Listed entries below:
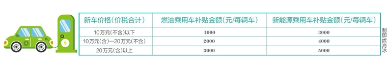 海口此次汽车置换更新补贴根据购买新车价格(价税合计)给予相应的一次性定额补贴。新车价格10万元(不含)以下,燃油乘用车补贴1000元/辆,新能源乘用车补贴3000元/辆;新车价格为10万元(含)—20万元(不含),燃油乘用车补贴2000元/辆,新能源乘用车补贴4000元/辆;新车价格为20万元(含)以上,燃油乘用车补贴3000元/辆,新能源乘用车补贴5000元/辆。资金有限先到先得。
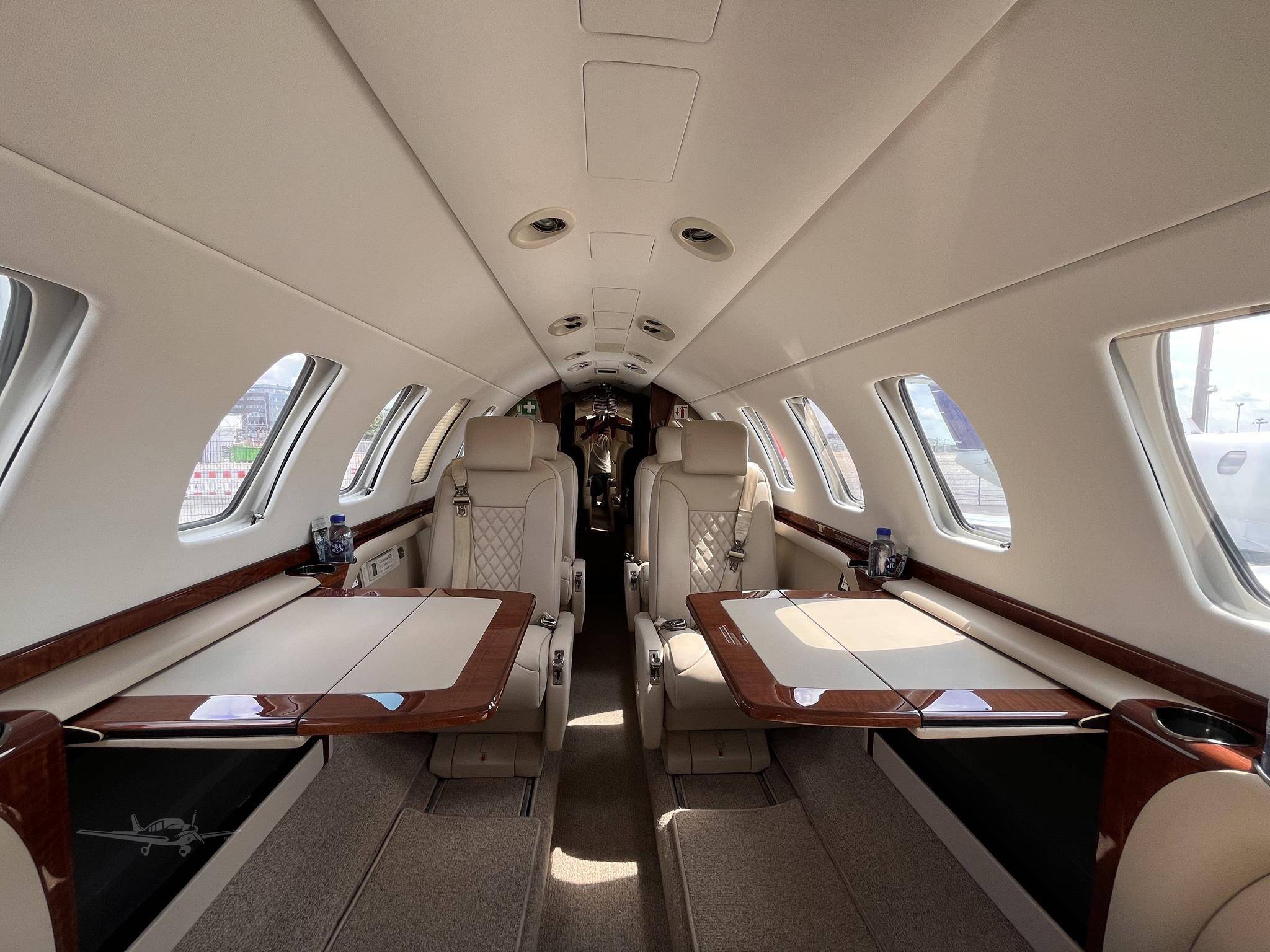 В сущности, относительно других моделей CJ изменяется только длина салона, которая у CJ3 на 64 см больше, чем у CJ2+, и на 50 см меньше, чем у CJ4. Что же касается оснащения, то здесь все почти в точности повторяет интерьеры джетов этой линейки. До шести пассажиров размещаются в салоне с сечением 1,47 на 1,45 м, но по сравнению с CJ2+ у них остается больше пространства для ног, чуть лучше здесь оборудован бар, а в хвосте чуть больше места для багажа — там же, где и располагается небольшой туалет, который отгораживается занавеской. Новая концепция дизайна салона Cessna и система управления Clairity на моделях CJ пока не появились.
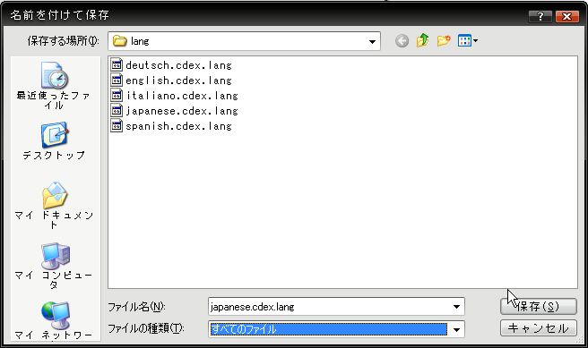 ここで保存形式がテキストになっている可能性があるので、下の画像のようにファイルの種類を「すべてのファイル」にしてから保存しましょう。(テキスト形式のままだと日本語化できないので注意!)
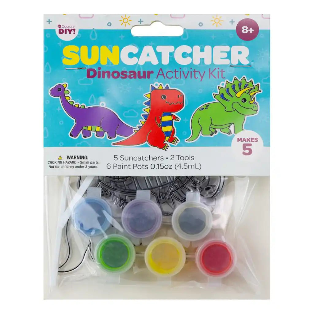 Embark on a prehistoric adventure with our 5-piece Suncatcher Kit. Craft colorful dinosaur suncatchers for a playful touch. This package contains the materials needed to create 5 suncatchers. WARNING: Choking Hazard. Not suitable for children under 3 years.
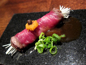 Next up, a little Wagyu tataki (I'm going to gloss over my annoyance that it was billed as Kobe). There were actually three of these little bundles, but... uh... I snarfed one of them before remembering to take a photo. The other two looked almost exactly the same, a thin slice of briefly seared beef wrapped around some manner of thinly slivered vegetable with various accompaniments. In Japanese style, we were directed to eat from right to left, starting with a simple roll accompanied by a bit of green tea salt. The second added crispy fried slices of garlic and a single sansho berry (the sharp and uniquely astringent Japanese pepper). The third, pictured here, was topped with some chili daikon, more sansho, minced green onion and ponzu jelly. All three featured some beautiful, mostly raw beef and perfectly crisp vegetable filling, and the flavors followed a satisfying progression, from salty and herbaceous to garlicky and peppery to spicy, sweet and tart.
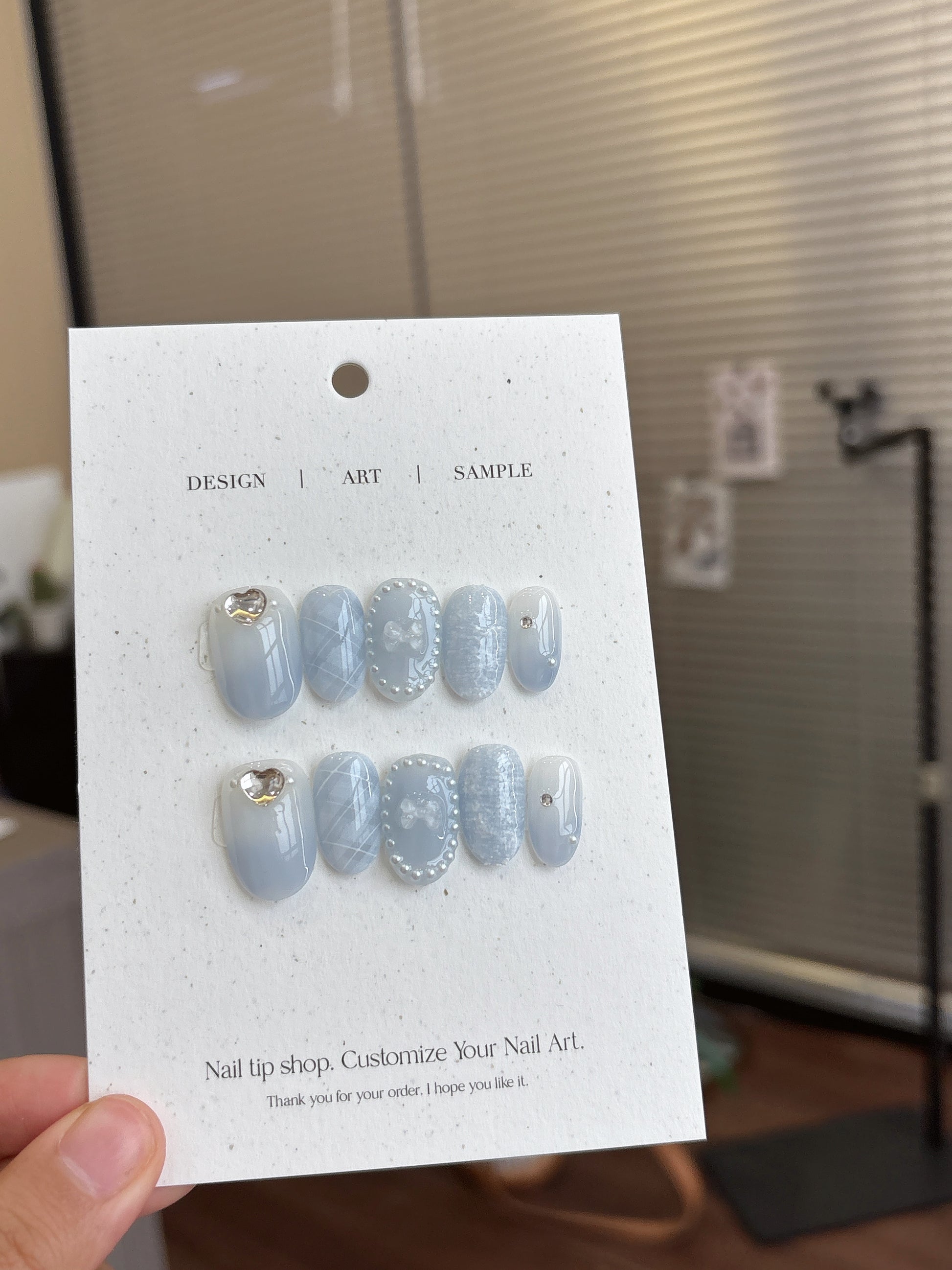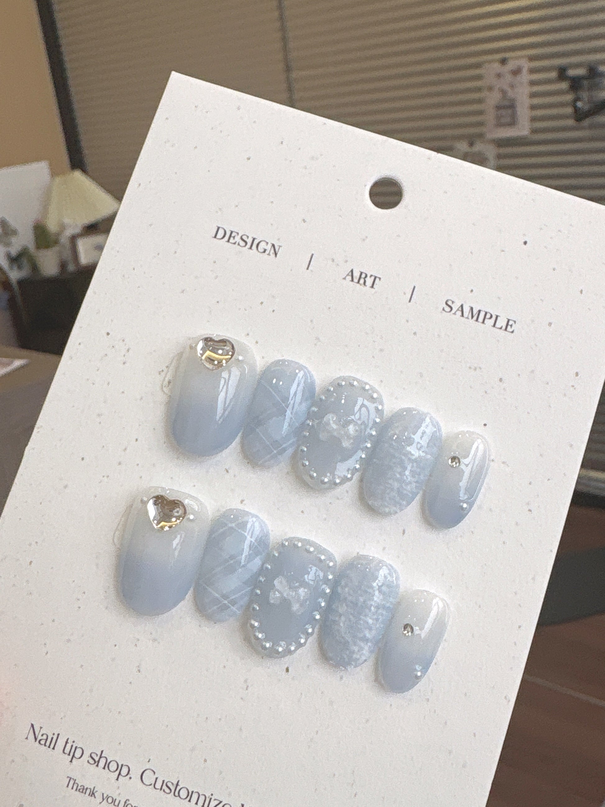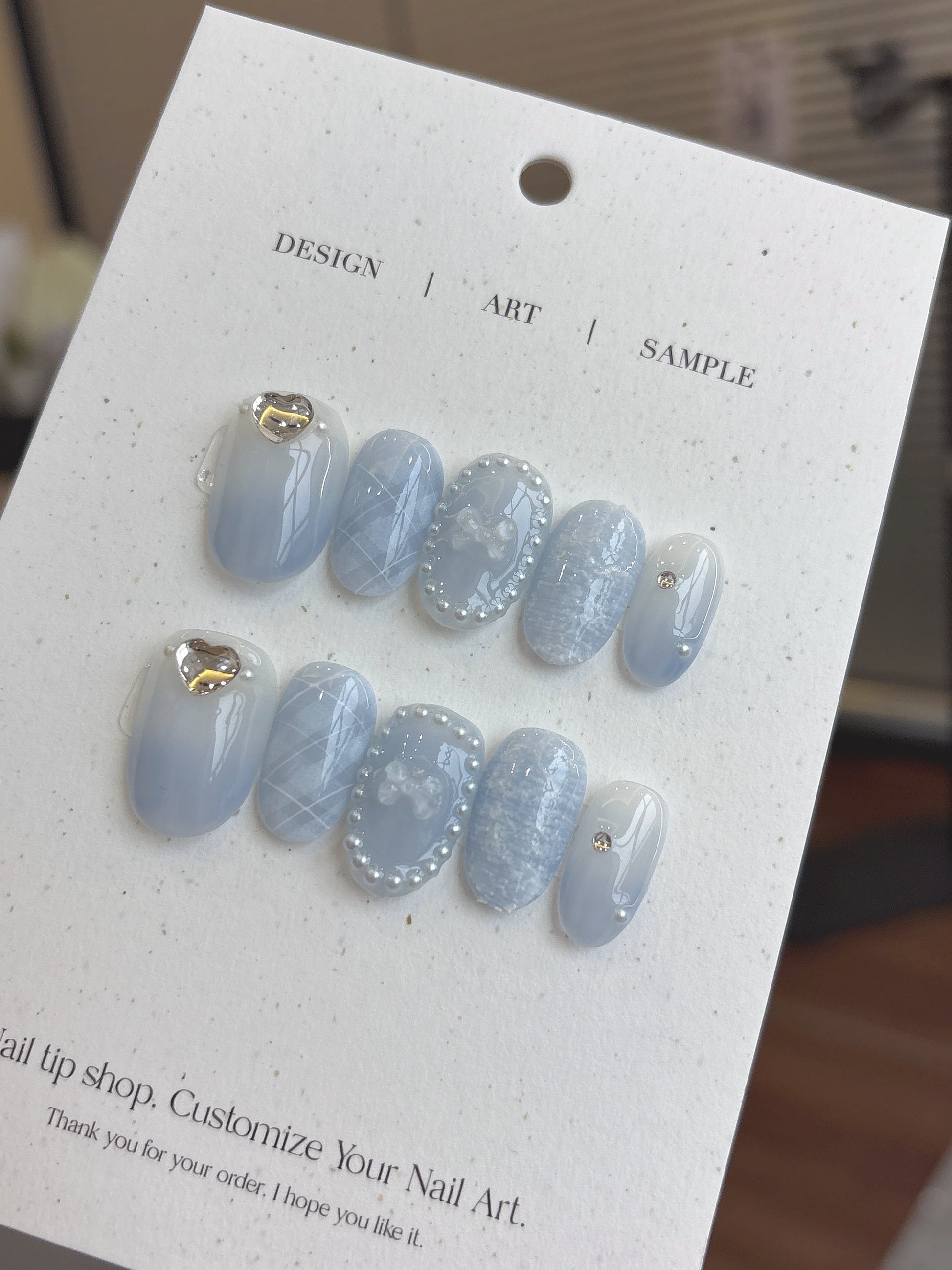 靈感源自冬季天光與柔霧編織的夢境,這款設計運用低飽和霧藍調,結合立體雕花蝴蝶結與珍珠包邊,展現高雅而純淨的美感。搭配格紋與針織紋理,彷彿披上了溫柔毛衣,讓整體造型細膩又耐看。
End of Listed entries.
Please reproduce each entry above word for word and keep the pictures out of the copy.

 海口此次汽车置换更新补贴根据购买新车价格(价税合计)给予相应的一次性定额补贴。新车价格10万元(不含)以下,燃油乘用车补贴1000元/辆,新能源乘用车补贴3000元/辆;新车价格为10万元(含)—20万元(不含),燃油乘用车补贴2000元/辆,新能源乘用车补贴4000元/辆;新车价格为20万元(含)以上,燃油乘用车补贴3000元/辆,新能源乘用车补贴5000元/辆。资金有限先到先得。
 В сущности, относительно других моделей CJ изменяется только длина салона, которая у CJ3 на 64 см больше, чем у CJ2+, и на 50 см меньше, чем у CJ4. Что же касается оснащения, то здесь все почти в точности повторяет интерьеры джетов этой линейки. До шести пассажиров размещаются в салоне с сечением 1,47 на 1,45 м, но по сравнению с CJ2+ у них остается больше пространства для ног, чуть лучше здесь оборудован бар, а в хвосте чуть больше места для багажа — там же, где и располагается небольшой туалет, который отгораживается занавеской. Новая концепция дизайна салона Cessna и система управления Clairity на моделях CJ пока не появились.
 ここで保存形式がテキストになっている可能性があるので、下の画像のようにファイルの種類を「すべてのファイル」にしてから保存しましょう。(テキスト形式のままだと日本語化できないので注意!)
 Embark on a prehistoric adventure with our 5-piece Suncatcher Kit. Craft colorful dinosaur suncatchers for a playful touch. This package contains the materials needed to create 5 suncatchers. WARNING: Choking Hazard. Not suitable for children under 3 years.
 Next up, a little Wagyu tataki (I'm going to gloss over my annoyance that it was billed as Kobe). There were actually three of these little bundles, but... uh... I snarfed one of them before remembering to take a photo. The other two looked almost exactly the same, a thin slice of briefly seared beef wrapped around some manner of thinly slivered vegetable with various accompaniments. In Japanese style, we were directed to eat from right to left, starting with a simple roll accompanied by a bit of green tea salt. The second added crispy fried slices of garlic and a single sansho berry (the sharp and uniquely astringent Japanese pepper). The third, pictured here, was topped with some chili daikon, more sansho, minced green onion and ponzu jelly. All three featured some beautiful, mostly raw beef and perfectly crisp vegetable filling, and the flavors followed a satisfying progression, from salty and herbaceous to garlicky and peppery to spicy, sweet and tart.
 靈感源自冬季天光與柔霧編織的夢境,這款設計運用低飽和霧藍調,結合立體雕花蝴蝶結與珍珠包邊,展現高雅而純淨的美感。搭配格紋與針織紋理,彷彿披上了溫柔毛衣,讓整體造型細膩又耐看。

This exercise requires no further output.